[Recorded information]

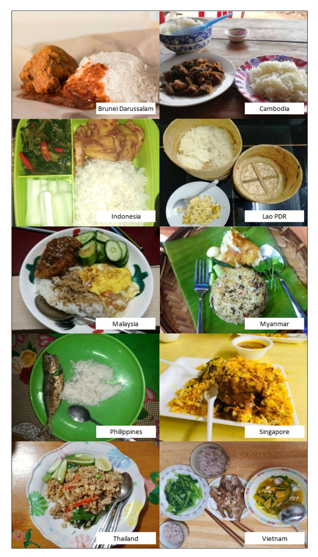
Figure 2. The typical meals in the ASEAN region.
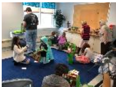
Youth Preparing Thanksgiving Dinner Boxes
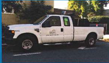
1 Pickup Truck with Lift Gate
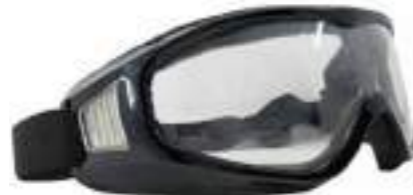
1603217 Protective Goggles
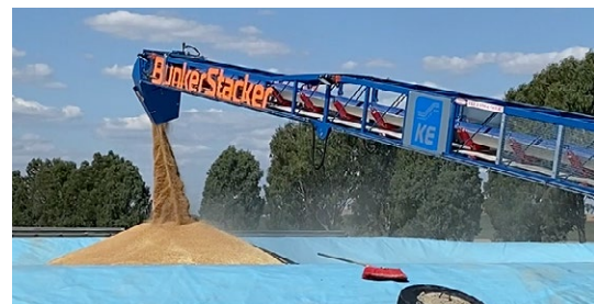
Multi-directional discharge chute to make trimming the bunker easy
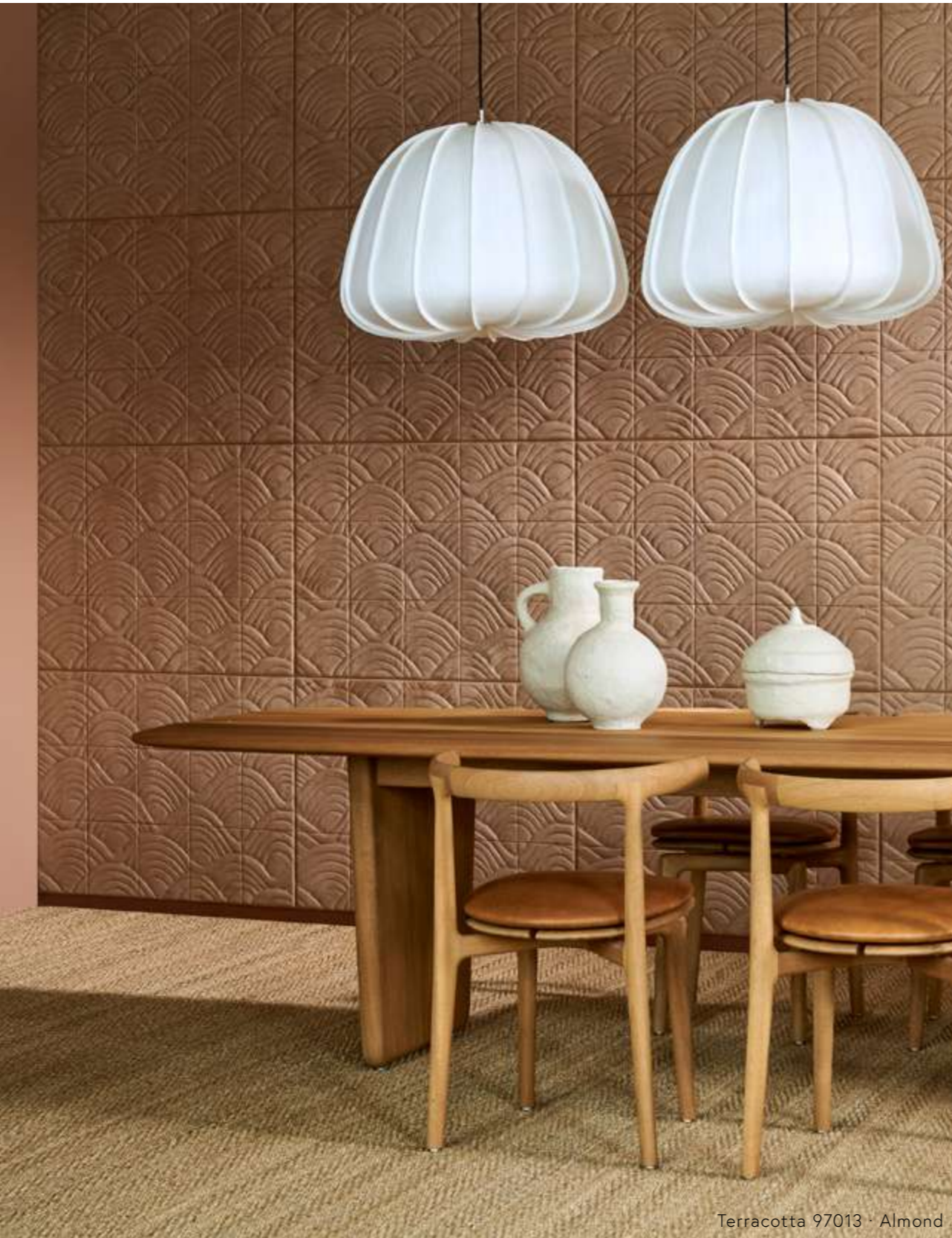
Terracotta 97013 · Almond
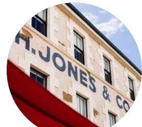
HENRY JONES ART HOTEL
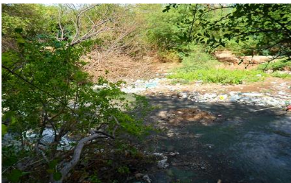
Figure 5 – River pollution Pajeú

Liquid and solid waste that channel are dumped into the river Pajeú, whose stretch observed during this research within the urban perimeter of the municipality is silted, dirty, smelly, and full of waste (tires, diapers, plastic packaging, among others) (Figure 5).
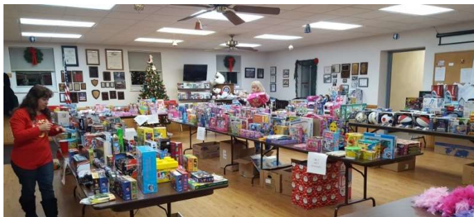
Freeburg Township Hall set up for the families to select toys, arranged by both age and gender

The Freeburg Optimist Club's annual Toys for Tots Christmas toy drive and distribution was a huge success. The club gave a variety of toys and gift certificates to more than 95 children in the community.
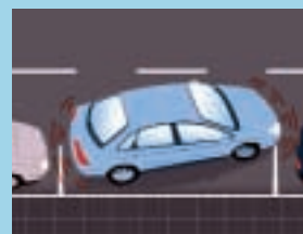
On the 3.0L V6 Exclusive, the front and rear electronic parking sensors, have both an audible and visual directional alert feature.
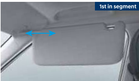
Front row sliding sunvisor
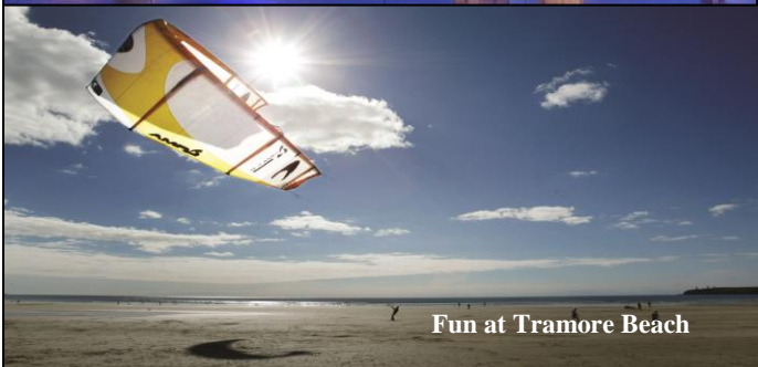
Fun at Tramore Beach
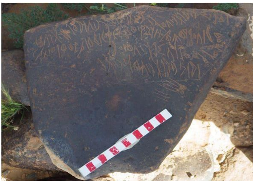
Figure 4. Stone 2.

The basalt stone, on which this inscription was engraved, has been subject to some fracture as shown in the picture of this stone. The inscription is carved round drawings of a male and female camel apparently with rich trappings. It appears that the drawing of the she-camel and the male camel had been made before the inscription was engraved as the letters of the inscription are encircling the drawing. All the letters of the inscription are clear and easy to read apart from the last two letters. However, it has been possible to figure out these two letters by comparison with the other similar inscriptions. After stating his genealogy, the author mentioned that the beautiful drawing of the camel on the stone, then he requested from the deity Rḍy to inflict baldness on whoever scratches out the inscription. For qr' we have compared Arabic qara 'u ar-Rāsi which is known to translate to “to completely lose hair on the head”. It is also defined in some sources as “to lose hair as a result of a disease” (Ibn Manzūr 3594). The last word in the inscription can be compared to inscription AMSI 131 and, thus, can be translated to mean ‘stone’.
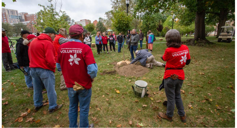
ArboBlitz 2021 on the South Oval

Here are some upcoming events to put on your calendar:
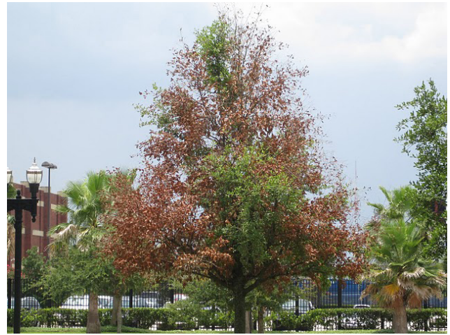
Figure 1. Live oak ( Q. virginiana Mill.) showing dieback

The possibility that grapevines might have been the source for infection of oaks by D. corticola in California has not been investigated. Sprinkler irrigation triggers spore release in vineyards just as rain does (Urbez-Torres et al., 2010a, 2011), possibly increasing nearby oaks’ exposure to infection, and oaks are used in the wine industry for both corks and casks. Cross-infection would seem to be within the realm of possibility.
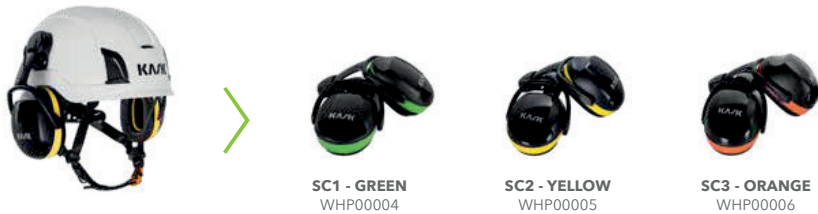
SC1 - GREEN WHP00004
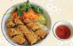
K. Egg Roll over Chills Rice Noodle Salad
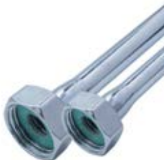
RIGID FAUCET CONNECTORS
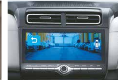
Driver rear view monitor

==

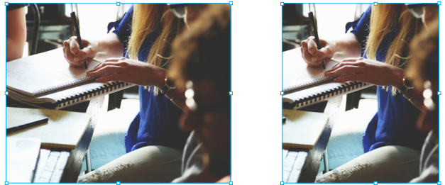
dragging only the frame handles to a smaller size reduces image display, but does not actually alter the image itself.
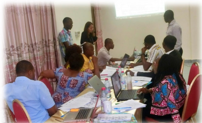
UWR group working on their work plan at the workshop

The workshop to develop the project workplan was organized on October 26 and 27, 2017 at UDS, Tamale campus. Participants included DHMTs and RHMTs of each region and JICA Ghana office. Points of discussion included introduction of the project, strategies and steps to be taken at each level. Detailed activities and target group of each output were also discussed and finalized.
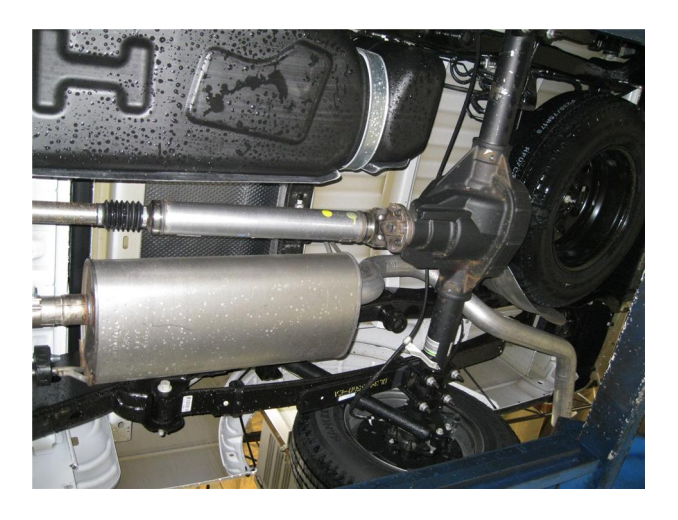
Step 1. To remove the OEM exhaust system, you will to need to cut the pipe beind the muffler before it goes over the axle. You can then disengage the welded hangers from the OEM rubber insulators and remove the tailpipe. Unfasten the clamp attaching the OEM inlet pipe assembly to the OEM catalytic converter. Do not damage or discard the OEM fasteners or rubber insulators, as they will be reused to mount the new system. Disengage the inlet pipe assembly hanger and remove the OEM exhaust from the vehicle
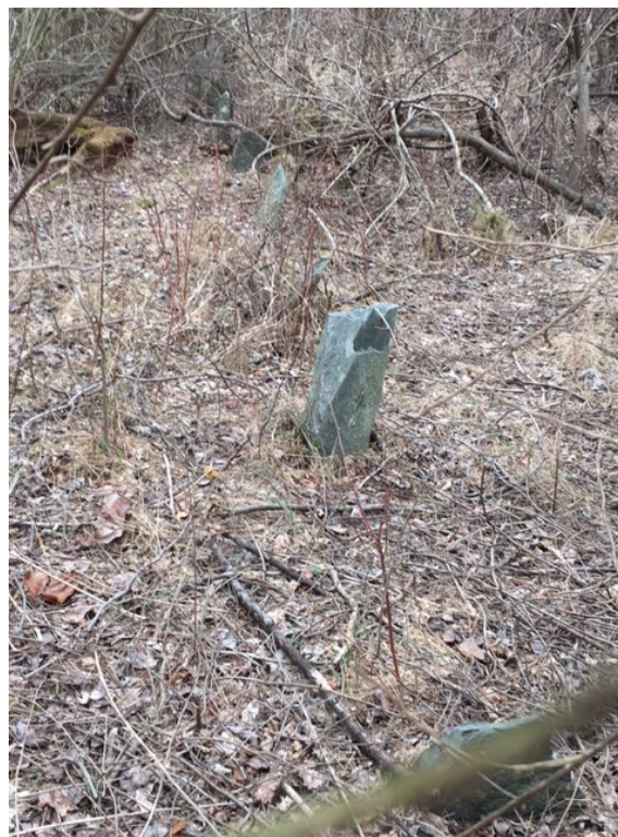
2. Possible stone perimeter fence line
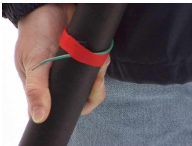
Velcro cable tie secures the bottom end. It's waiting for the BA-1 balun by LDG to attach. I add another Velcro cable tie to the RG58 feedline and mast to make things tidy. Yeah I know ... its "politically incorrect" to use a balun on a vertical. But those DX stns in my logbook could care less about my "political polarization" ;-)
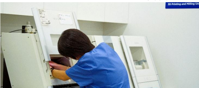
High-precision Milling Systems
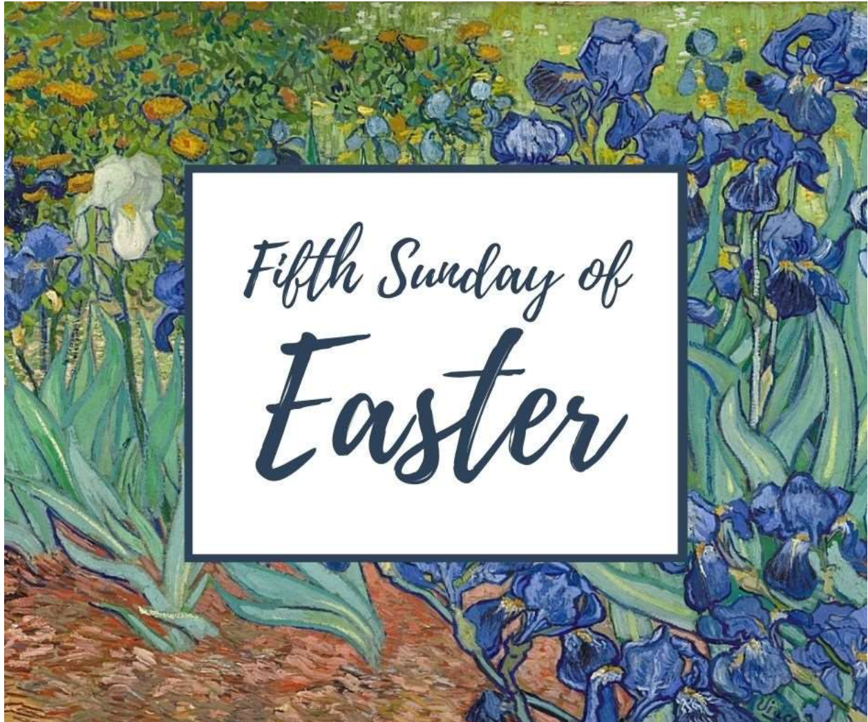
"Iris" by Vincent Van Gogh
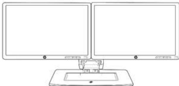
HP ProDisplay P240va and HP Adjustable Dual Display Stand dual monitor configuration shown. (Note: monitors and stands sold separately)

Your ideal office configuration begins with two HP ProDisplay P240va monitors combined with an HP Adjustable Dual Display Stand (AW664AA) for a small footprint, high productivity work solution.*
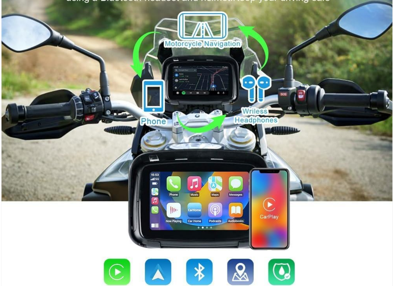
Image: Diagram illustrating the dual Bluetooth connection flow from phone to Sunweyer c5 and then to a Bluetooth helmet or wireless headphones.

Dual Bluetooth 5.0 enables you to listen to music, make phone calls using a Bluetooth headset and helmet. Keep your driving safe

[Problem requirements]
In the data above, the stretch from the line with "Figure 2. The" through the line with "The Freeburg Optimist" is to be returned exactly, minus any pictures.

[Result]
Figure 2. The typical meals in the ASEAN region.
Youth Preparing Thanksgiving Dinner Boxes
1 Pickup Truck with Lift Gate
1603217 Protective Goggles
Multi-directional discharge chute to make trimming the bunker easy
Terracotta 97013 · Almond
HENRY JONES ART HOTEL
Figure 5 – River pollution Pajeú

Liquid and solid waste that channel are dumped into the river Pajeú, whose stretch observed during this research within the urban perimeter of the municipality is silted, dirty, smelly, and full of waste (tires, diapers, plastic packaging, among others) (Figure 5).
Freeburg Township Hall set up for the families to select toys, arranged by both age and gender

The Freeburg Optimist Club's annual Toys for Tots Christmas toy drive and distribution was a huge success. The club gave a variety of toys and gift certificates to more than 95 children in the community.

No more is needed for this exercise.